Although in patients of severe ITP (platelet < 30x109/L), the risk of
bleeding is the highest yet not all patients bleed. If bleeders and
non-bleeders in severe ITP can be reliably differentiated, the financial,
physical and social burden can be significantly reduced. However, the available
investigations have not been able to serve this purpose. Therefore, we included
sonoclot; a global test of coagulation, as a tool to assess the risk of
bleeding in ITP. Sonoclot coagulation and platelet function analyser uses
viscoelastometry to measure coagulation. It provides information on the
haemostasis process, including coagulation, fibrin gel formation, fibrinolysis,
and is also able to assess platelet function.
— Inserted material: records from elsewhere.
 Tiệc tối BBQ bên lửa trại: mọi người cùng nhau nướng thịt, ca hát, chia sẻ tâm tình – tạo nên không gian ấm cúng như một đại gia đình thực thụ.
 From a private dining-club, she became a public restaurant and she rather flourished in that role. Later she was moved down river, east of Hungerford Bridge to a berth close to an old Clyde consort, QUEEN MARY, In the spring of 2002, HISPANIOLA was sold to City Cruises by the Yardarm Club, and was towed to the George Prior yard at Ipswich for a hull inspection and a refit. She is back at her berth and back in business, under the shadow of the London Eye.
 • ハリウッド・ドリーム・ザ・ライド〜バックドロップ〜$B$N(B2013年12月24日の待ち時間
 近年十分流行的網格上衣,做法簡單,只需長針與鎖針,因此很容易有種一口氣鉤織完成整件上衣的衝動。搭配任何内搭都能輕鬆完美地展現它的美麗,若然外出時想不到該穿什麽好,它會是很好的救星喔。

The sonoclot also has advantage
of ability to measure platelet function in severe thrombocytopenia. It is a
portable machine, which can be used as bedside tool in emergency out patient
department (OPD) or for admitted patients.
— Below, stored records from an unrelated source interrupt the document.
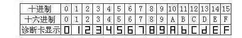 ⑶ 智能型诊断卡PI0050A数码管显示定义: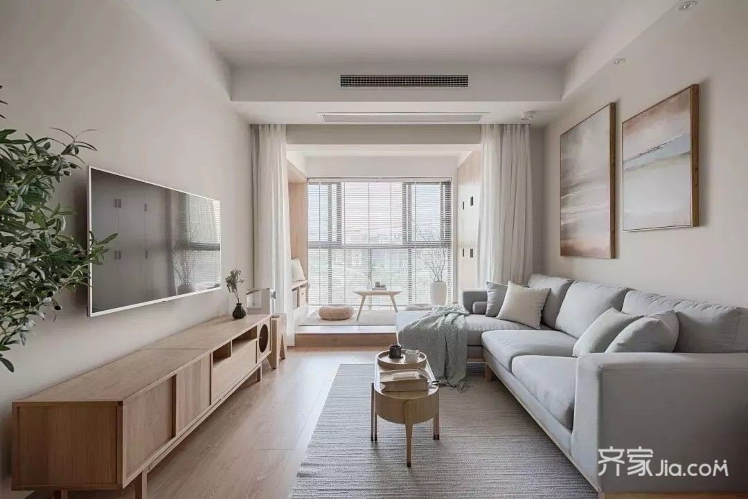 客厅的整体风格是简约的日式风,以白色和原木色为主色调,给人一种自然舒适的氛围感。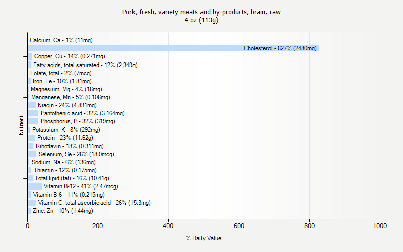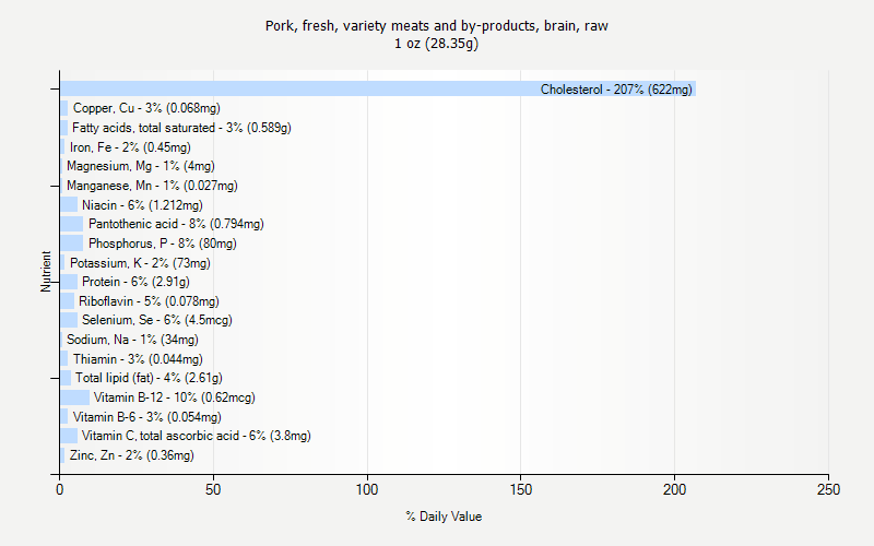Arginine 0.153 gAsh 0.32 gAspartic acid 0.291 gCalcium, Ca 3 mgCarbohydrate, by difference 0.00 gCholesterol 622 mgCopper, Cu 0.068 mgEnergy 36 kcalEnergy 151 kjFatty acids, total monounsaturated 0.470 gFatty acids, total polyunsaturated 0.405 gFatty acids, total saturated 0.589 gFiber, total dietary 0.0 gFolate, DFE 2 mcg_DFEFolate, food 2 mcgFolate, total 2 mcgFolic acid 0 mcgGlutamic acid 0.341 gGlycine 0.140 gHistidine 0.078 gIron, Fe 0.45 mgIsoleucine 0.135 gLeucine 0.254 gLysine 0.229 gMagnesium, Mg 4 mgManganese, Mn 0.027 mgMethionine 0.058 gNiacin 1.212 mgPantothenic acid 0.794 mgPhenylalanine 0.148 gPhosphorus, P 80 mgPotassium, K 73 mgProtein 2.91 gRetinol 0 mcgRiboflavin 0.078 mgSelenium, Se 4.5 mcgSodium, Na 34 mgThiamin 0.044 mgThreonine 0.136 gTotal lipid (fat) 2.61 gTryptophan 0.037 gTyrosine 0.122 gValine 0.166 gVitamin A, IU 0 IUVitamin A, RAE 0 mcg_RAEVitamin B-12 0.62 mcgVitamin B-6 0.054 mgVitamin C, total ascorbic acid 3.8 mgWater 22.22 gZinc, Zn 0.36 mg14:0 0.011 g16:0 0.292 g16:1 undifferentiated 0.034 g18:0 0.283 g18:1 undifferentiated 0.303 g18:2 undifferentiated 0.026 g18:3 undifferentiated 0.034 g20:4 undifferentiated 0.133 g22:5 n-3 0.062 g22:6 n-3 0.128 g

The study was conducted at department of internal medicine,
postgraduate institute of medical education and research, Chandigarh, India. In
this prospective observational study, a total of 80 patients of severe ITP
(newly diagnosed) with or without active bleeding were included. Fifty of them
had no evidence of any bleeding (Non-Bleeder Group) while thirty of them had
features of (WHO grade ≥2) bleeding (Bleeder Group). All these patients were
clinically evaluated and samples were collected as per unit protocol for ITP.
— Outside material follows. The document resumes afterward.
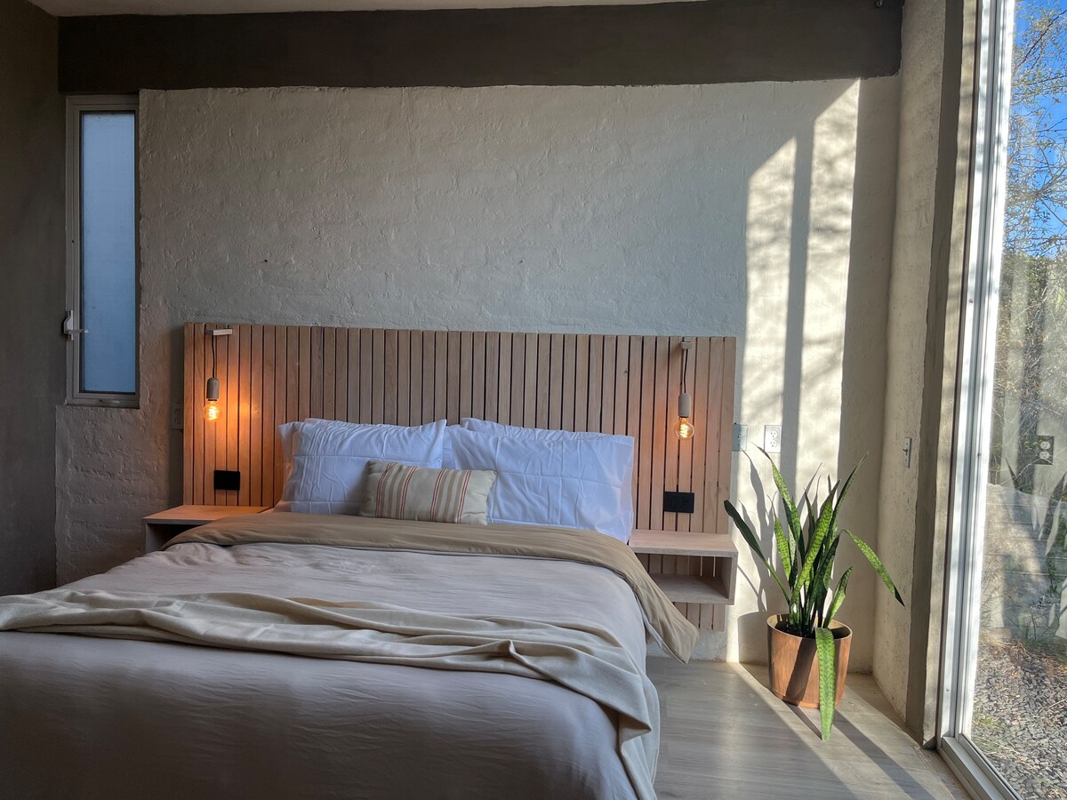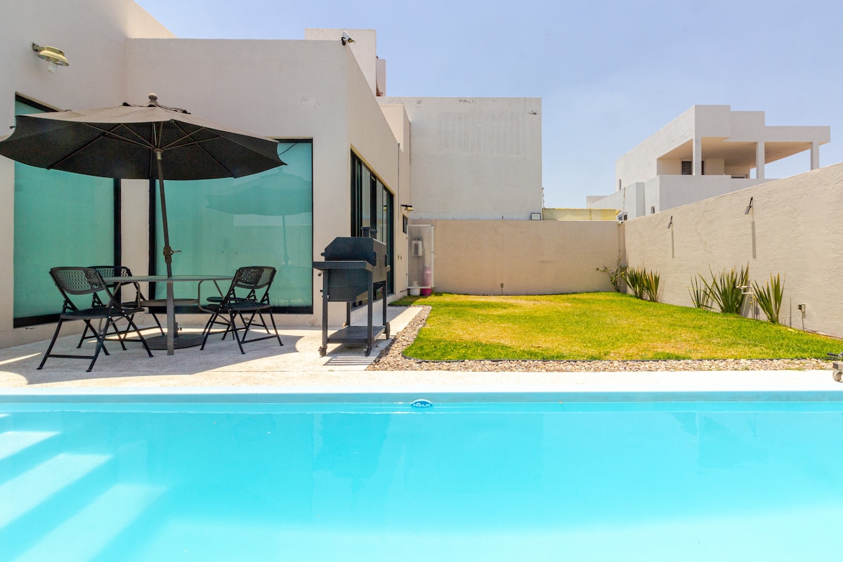Оазис дизайна и спокойствия Элегантный одноэтажный дом с двуспальной кроватью размера Queen size, полной и гостевой ванной комнатой, гостиной с диваном-кроватью и оборудованной кухней. Наслаждайтесь большой террасой с зеркалом и пианино. Перед парком с детскими играми, просторными садами и беговой дорожкой, в частном подразделении с круглосуточной охраной и частной парковкой на 2 машины. Каждая деталь предназначена для вашего комфорта и благополучия, чтобы вы могли насладиться уникальным, расслабляющим и гостеприимным отдыхом.

They were evaluated with Hess test, bleeding time (BT), clotting time (CT),
prothrombin time (PT), activated partial thromboplastin time (aPTT), and
sonoclot signature analysis. For sonoclot; fresh blood samples were drawn in
citrated vaccutainer and analysed by sonoclot coagulation and platelet function
analyser made by Sienco, Inc, model SCP1, made in USA. The sonoclot signature
assessment gives value for activated clotting time (ACT), clot rate (R1) and
platelet function (PF).
Both the groups were matched in terms of patient age and all
had same diagnosis. The mean and standard deviation for variables were as in
Table 1. The difference between platelet counts in two groups was non
significant (p=.816). The difference between two groups when compared with Hess
test (p=.21, INR (p=.794), bleeding time (p=.051) and clotting time (p=.058)
was non-significant. However, significant difference in two sonoclot parameters
was observed between two groups. ACT was significantly longer in the bleeders
compared to non-bleeders (p=.009) and the platelet function measured by
sonoclot signature analysis (depicted by R3) was significantly lower in the
bleeders than the non-bleeders (p=.01) (Figure 1 and Figure 2). The clot rate
(R1) was non-significantly lower in the bleeders.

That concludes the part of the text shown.